By Thomas Goldsmith

The young woman knew she needed help, she said, after she bit her husband’s thumb to the bone, then jumped out of a car traveling 45 miles per hour.

Melissa Leonard, 21, of Lincoln County, admitted herself in late January to Cleveland Crisis and Recovery Center, a 16-bed behavioral-health urgent care center where she’d gotten help before. Located a few blocks off the square in Shelby, the Cleveland County center maintains a commitment to starting physical and mental health workups of clients within 30 minutes of their arrival and completing assessments within two hours and 15 minutes.

Shows young Caucasian women with braided hair, tattoos on her arms, wearing hospital clothes, facing the camera
Melissa Leonard, 21, of Lincoln County, found help at the Cleveland County Crisis
and Recovery Center in Shelby. Photo credit: Thomas Goldsmith

The center recently won a state award for its treatment of clients and its efforts to solve one of North Carolina hospitals’ most vexing problems. That’s the pileup of thousands of people in emergency departments statewide — for hours or even days — when they need mental health treatment.

People in Shelby can avoid that – this center is open 24 hours a day, 365 days a year.

Leonard, a married mother of one, spoke willingly about her difficult life experiences. She said she had experienced sexual abuse as a child and had recently abused prescription opioids. She listed diagnoses for herself including depression, paranoia, obsessive-compulsive disorder and bipolar disorder.

During this admission, Leonard said she would have lost control had she faced a wait of six or eight hours before receiving treatment or transfer in a regular hospital emergency department.

However, during the 2016 fiscal year, the average wait time in a North Carolina ED was at 119 hours, a number that’s scarcely changed over the past few years.

“If I had had to have waited, I probably would have flipped out,” she said in a staffer’s office at the crisis center. “I start cussing, hitting people, throwing things.

“I’ve come a long way since I came in here.”

Partners in care

Opened in July 2011, Cleveland Crisis and Recovery Center exists through the collaboration among a mental health provider, Partners Behavioral Health Management; a hospital, Carolinas Medical Center, Cleveland; law enforcement, the City of Shelby Police Department; and a behavioral health company, Phoenix Counseling Center.

Photo shows an barren room with simple bed and plastic chair.
A room is made available for prompt assessments at the Cleveland Crisis and Recovery
Center in Shelby. Photo credit: Thomas Goldsmith

“We’ve really seen a dramatic reduction in people going to the emergency department for primary behavioral health care,” said Barbara Hallisey, associate clinical services director for Partners Behavioral Health Management, the LME-MCO serving eight North Carolina counties in the western Piedmont.

Talk and medication therapy during a weeklong stay at the Cleveland center had put her on the road to recovery, she said, but she will continue with therapy and undergo regular drug counseling after discharge.

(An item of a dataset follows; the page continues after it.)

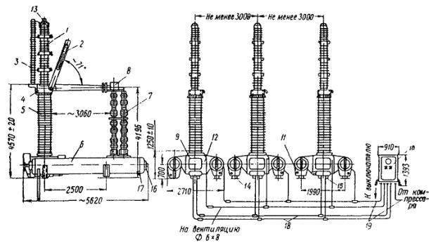 Кроме того, у бригады должны быть клещи типа ПК-1, с помощью которых можно оконцовывать и соединять опрессованием медные и алюминиевые жилы проводов сечением 16 ¸ 50 мм2 и перекусывать шины сечением до 70 мм2. Вес пресса РГП-7М в рабочем состоянии - 6,5 кг; вес клещей типа ПК-1 - 2,5 кг. Ошиновку с помощью машины МШТС-2 выполняют 3 чел. г) Открытые распределительные устройства5.2.17. При монтаже открытых распределительных устройств производится ревизия, сборка, установка и регулировка разъединителей, отделителей и короткозамыкателей. Работы выполняются следующим образом: устанавливают с помощью автокрана оборудование на строительные конструкции; выверяют правильность установки оборудования, проверяя положение осей симметрии и по уровню; закрепляют опорную раму; устанавливают приводы и промежуточные подшипники; производят предварительное сочленение разъединителя с приводом и блок-контактами; регулируют контакты и проверяют их нажатие; проверяют одновременность включения контактов; производят общую регулировку разъединителя, привода и блок-контактов; окончательно соединяют разъединитель с приводом. 5.2.18. При ревизии разъединителей, отделителей и короткозамыкателей выполняются: наружный осмотр, очищается пыль и грязь; проверка состояния поверхности фарфоровых деталей, на которых не должно быть трещин и сколов; проверка состояния контактных поверхностей (отсутствие раковин и пленки окиси); проверка отсутствия боковых ударов ножа о губки и ударов ножа о головку изолятора; проверка исправности пружин и ножей и наличие требуемого нажатия контакта; проверка состояния гибких связей и всех креплений. Ножи должны входить в губки плавно, без ударов; зазор при полностью включенном ноже между его нижней гранью и головкой изолятора должен быть 3 - 5 мм. При полном отключении ножа угол его поворота должен соответствовать паспортным данным этого изделия. Плотность прилегания контактов определяется щупом толщиной 0,05 мм и шириной 10 мм. Щуп не должен входить между неподвижным контактом и ножом на глубину более 4 - 5 мм. Контактное давление проверяют путем замера динамометром усилия при вытягивании ножа из губок. Величина усилия должна соответствовать следующим данным: Усилие Номинальный ток разъединителя, а вытягивания, кг 400.......................................................................................................... 10 - 12 600.......................................................................................................... 16 - 18 1000........................................................................................................ 18 - 20 2000 - 3000............................................................................................ 50 - 60 4000........................................................................................................ 70 - 80 Силу нажатия регулируют нажимными винтами или пружинами, предусмотренными для этой цели в данной конструкции. 5.2.19. Одновременность включения ножей регулируют изменением длин междуполюсных тяг. Величина зазора между запаздывающим ножом и губкой в момент касания губок опережающим ножом не должна превышать 3 мм для разъединителей напряжением до 35 кв и 5 - 7 мм - до 220 кв. Величина холостого хода (люфта) рукоятки привода при оперативных переключениях для всей передачи не должна быть более 5° (см. ВСН 12-59, п. 391). При необходимости производится регулировка путем изменения длины тяг. 5.2.20. По окончании монтажа все трущиеся части контактной системы и привода должны быть промыты бензином и смазаны соответствующей смазкой:

“When I get out of there, I see my path getting better — just doing a lot better and not flipping out like I used to,” she said.

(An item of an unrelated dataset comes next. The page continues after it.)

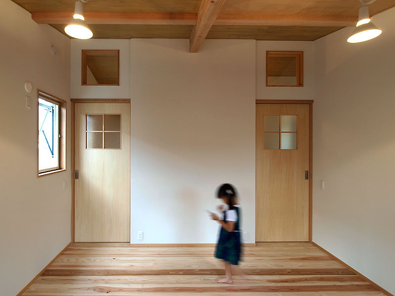 フラッシュ戸にガラスを入れた場合です。このようにガラスを入れるだけで建具もずいぶん表情が出ます。

Some patients, like Leonard, admit themselves to the crisis and recovery center. Others are brought by law enforcement officers specially trained for dealing with behavioral-health clients.

Admission to the center can, but doesn’t have to, involve involuntary commitment papers signed by a magistrate.

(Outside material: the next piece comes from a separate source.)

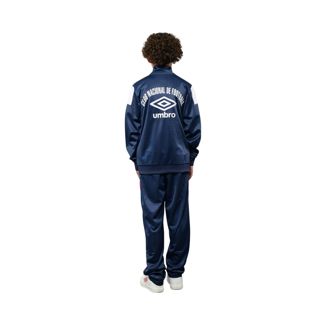 Equipo oficial de Club Nacional de Football para niños, compuesto por campera y pantalón, confeccionado en material cómodo y resistente, ideal para el uso diario y actividades deportivas. Presenta diseño en color azul con detalles en rojo y blanco, escudo del club aplicado y cierre frontal en la campera. Ofrece un calce cómodo que permite libertad de movimiento, ideal para entrenar, jugar o vestir con orgullo tricolor.

“In the past … extremely cumbersome”

In addition, clients can be left in the care of center staff, instead of being accompanied by officers during indefinite waits for assessment, even if they are brought in by a law enforcement officer.

Shows Earwood walking standing in a doorway.
Sgt. Cliff Earwood of the Shelby Police Department is one of the specially trained
officers who greet clients at the Crisis and Recovery Center. Photo credit: Thomas
Goldsmith.

“In the past, the mental health process was extremely cumbersome on our staff, not only from a manpower standpoint but a service level,” Shelby Police Chief Jeff Ledford said in press material.

Sgt. Craig Earwood of Shelby City Police and Jake Zaludek, a detective from the Cleveland County sheriff’s office, were staffing the urgent care entrance during a reporter’s recent visit. About 900 clients came through the doorway during a survey period between February and December 2016, said Cheryl Billings, the Cleveland clinical manager for Phoenix Counseling Center.

“Not everybody who comes in here is admitted,” Billings said. “They may have to go to the ER or to a higher level of behavioral health care,” such as the state-run Broughton Hospital.

Behavioral health admissions to Cleveland County emergency departments decreased by about a third between the fiscal years 2012 and 2015, according to the state Division of Public Health. By comparison, similar admissions went down by only 5 percent during the same period in Wake County, where WakeBrook Recovery Center offers similar facility-based crisis functions.

Urgent-care model gets support

“One of the things that we like about the urgent care model is that it can become a regular resource for people with severe and persistent mental illness,” said Jack Register, state NAMI executive director.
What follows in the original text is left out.